Dual Model Setup (Analysis + Chat)

# Use a small, fast model for analysis and a larger model for chat
ollamapy --analysis-model gemma2:2b --model llama3.2:7b
ollamapy -a gemma2:2b -m mistral:7b

# This is great for performance - small model does action selection, large model handles conversation

System Message

# Set context for the AI
ollamapy --system "You are a helpful coding assistant specializing in Python"
ollamapy -s "You are a creative writing partner"

Combined Options

# Use custom models with system message
ollamapy --analysis-model gemma2:2b --model mistral:7b --system "You are a helpful assistant"

Meta-Reasoning System

OllamaPy features a unique meta-reasoning system where the AI analyzes user input and dynamically selects from available actions. The AI examines the intent behind your message and chooses the most appropriate response action.

Dual Model Architecture

For optimal performance, you can use two different models:

Analysis Model: A smaller, faster model (like gemma2:2b) for quick action selection
Chat Model: A larger, more capable model (like llama3.2:7b) for generating responses

This architecture provides the best of both worlds - fast decision-making and high-quality responses.
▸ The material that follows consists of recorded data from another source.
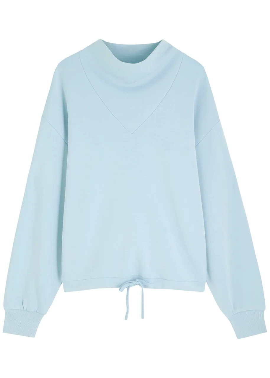 Info & Care Varley stretch-jersey sweatshirt High-neck, dropped shoulders, designer tag at side, tie-fastening at hem, ribbed trims; Slips on 81% viscose, 15% polyester, 4% elastane; trims: 96% viscose, 4% elastane Machine wash Size & Fit Length shoulder to hem: 24.5 inches/ 62cm Midweight Relaxed fit Model is 5'10"/ 178cm and wears a size small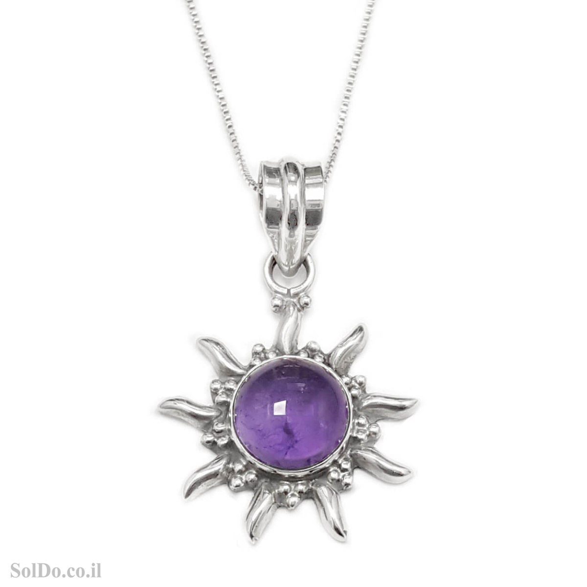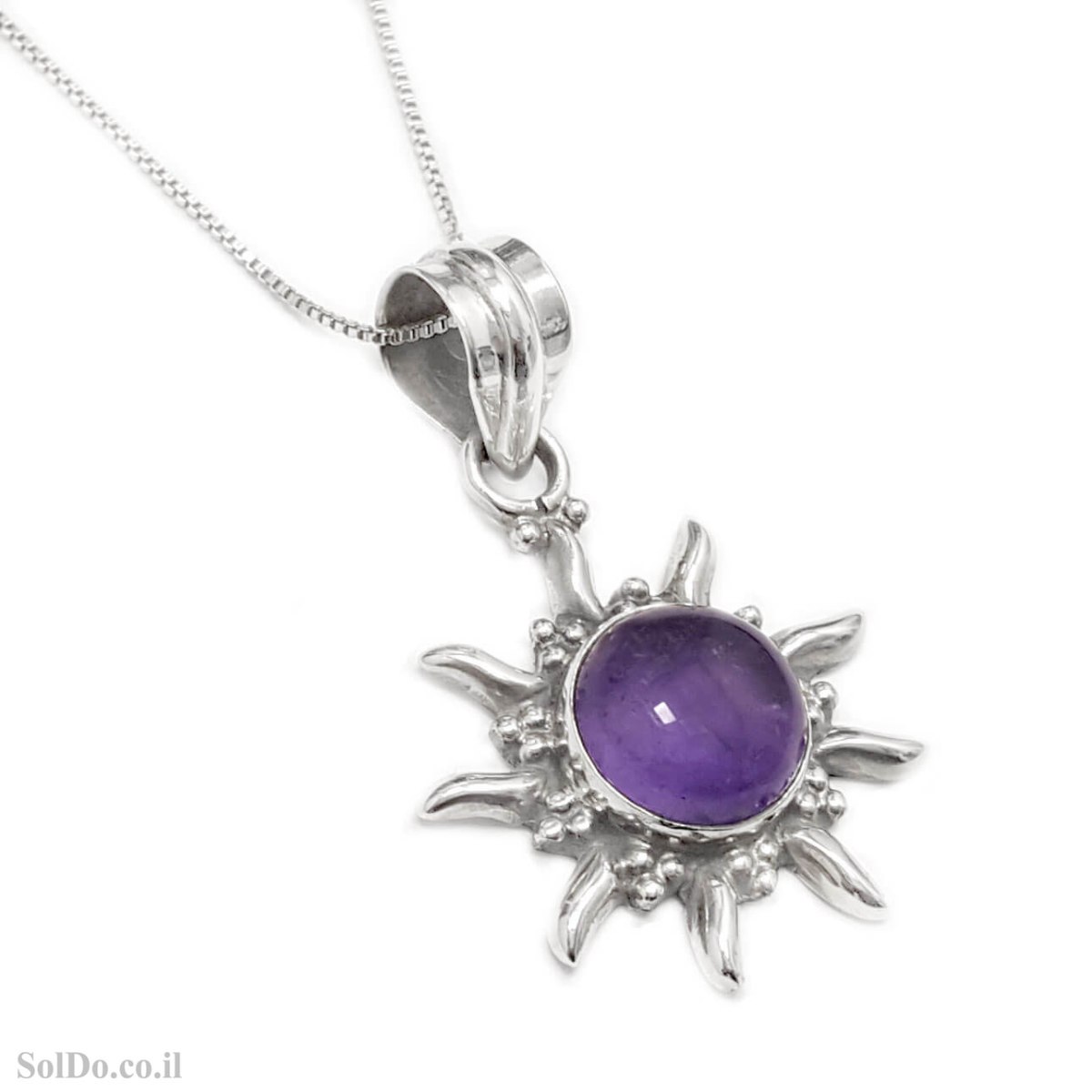תליון מכסף משובץ אבן אמטיסט T9023 | תכשיטי כסף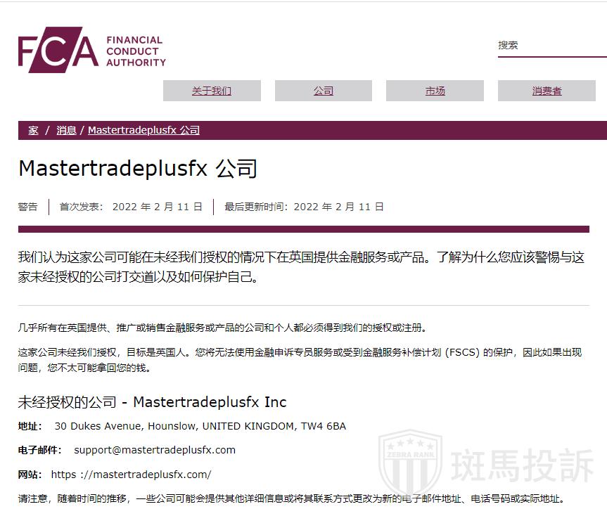 Mastertradeplusfx平台自称受到FCA、KNF和CMB在内的全球最大监管机构的监管,获得金融部门行为监管局(FSCA)的许可,并提供许可号为:08938176,据查询,该许可号查无机构,根据平台名称查询并未受到FCA、KNF和CMB的监管,并且该平台在未经英国FCA授权的情况下在英国提供金融服务或产品,被英国FCA列入警告名单,所以如果您的投资出现了问题,您将无法使用金融申诉专员服务或受到金融服务补偿计划(FSCS)的保护,投资需谨慎!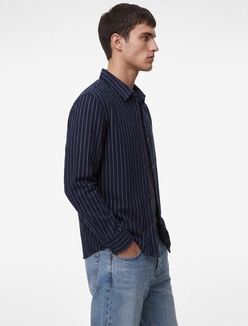 Keten Viskon Karışımlı Regular Fit Klasik Yaka Uzun Kollu Çizgili Gömlek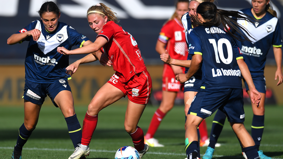 Adelaide attacked early in the second half and Chelsie Dawber had a great chance soon after the restart, starting out on the left before cutting inside and firing just over from inside the area.
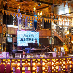 5月27日,在国际邮轮“爱达·地中海”号上,工作人员为游客演出。

# Example: Fast analysis with powerful chat
ollamapy --analysis-model gemma2:2b --model llama3.2:7b

Currently Available Actions

null - Default conversation mode. Used for normal chat when no special action is needed
fear - Responds to disturbing or delusional content with direct feedback
fileReader - Reads and displays file contents when user provides a file path
directoryReader - Explores entire directory contents for project analysis
getWeather - Provides weather information (accepts optional location parameter)
getTime - Returns the current date and time (accepts optional timezone parameter)
square_root - Calculates the square root of a number (requires number parameter)
calculate - Evaluates basic mathematical expressions (requires expression parameter)

How Meta-Reasoning Works

When you send a message, the AI:

Analyzes your input to understand intent
Selects the most appropriate action(s) from all available actions
Extracts any required parameters from your input
Executes the chosen action(s) with parameters
Responds using the action's output as context

Creating Custom Actions

The action system is designed to be easily extensible. Here's a comprehensive guide on creating your own actions:

Basic Action Structure

from ollamapy.actions import register_action

@register_action(
    name="action_name",
    description="When to use this action",
    vibe_test_phrases=["test phrase 1", "test phrase 2"],  # Optional
    parameters={  # Optional
        "param_name": {
            "type": "string|number",
            "description": "What this parameter is for",
            "required": True|False
        }
    }
)
def action_name(param_name=None):
    """Your action implementation."""
    from ollamapy.actions import log
    
    # Log results so the AI can use them as context
    log(f"[Action] Result: {some_result}")
    # Actions communicate via logging, not return values

Example 1: Simple Action (No Parameters)

from ollamapy.actions import register_action, log

@register_action(
    name="joke",
    description="Use when the user wants to hear a joke or needs cheering up",
    vibe_test_phrases=[
        "tell me a joke",
        "I need a laugh",
        "cheer me up",
        "make me smile"
    ]
)
def joke():
    """Tell a random joke."""
    import random
    jokes = [
        "Why don't scientists trust atoms? Because they make up everything!",
        "Why did the scarecrow win an award? He was outstanding in his field!",
        "Why don't eggs tell jokes? They'd crack each other up!"
    ]
    selected_joke = random.choice(jokes)
    log(f"[Joke] {selected_joke}")

Example 2: Action with Required Parameter

@register_action(
    name="convert_temp",
    description="Convert temperature between Celsius and Fahrenheit",
    vibe_test_phrases=[
        "convert 32 fahrenheit to celsius",
        "what's 100C in fahrenheit?",
        "20 degrees celsius in F"
    ],
    parameters={
        "value": {
            "type": "number",
            "description": "The temperature value to convert",
            "required": True
        },
        "unit": {
            "type": "string",
            "description": "The unit to convert from (C or F)",
            "required": True
        }
    }
)
def convert_temp(value, unit):
    """Convert temperature between units."""
    unit = unit.upper()
    if unit == 'C':
        # Celsius to Fahrenheit
        result = (value * 9/5) + 32
        log(f"[Temperature] {value}°C = {result:.1f}°F")
    elif unit == 'F':
        # Fahrenheit to Celsius
        result = (value - 32) * 5/9
        log(f"[Temperature] {value}°F = {result:.1f}°C")
    else:
        log(f"[Temperature] Error: Unknown unit '{unit}'. Use 'C' or 'F'.")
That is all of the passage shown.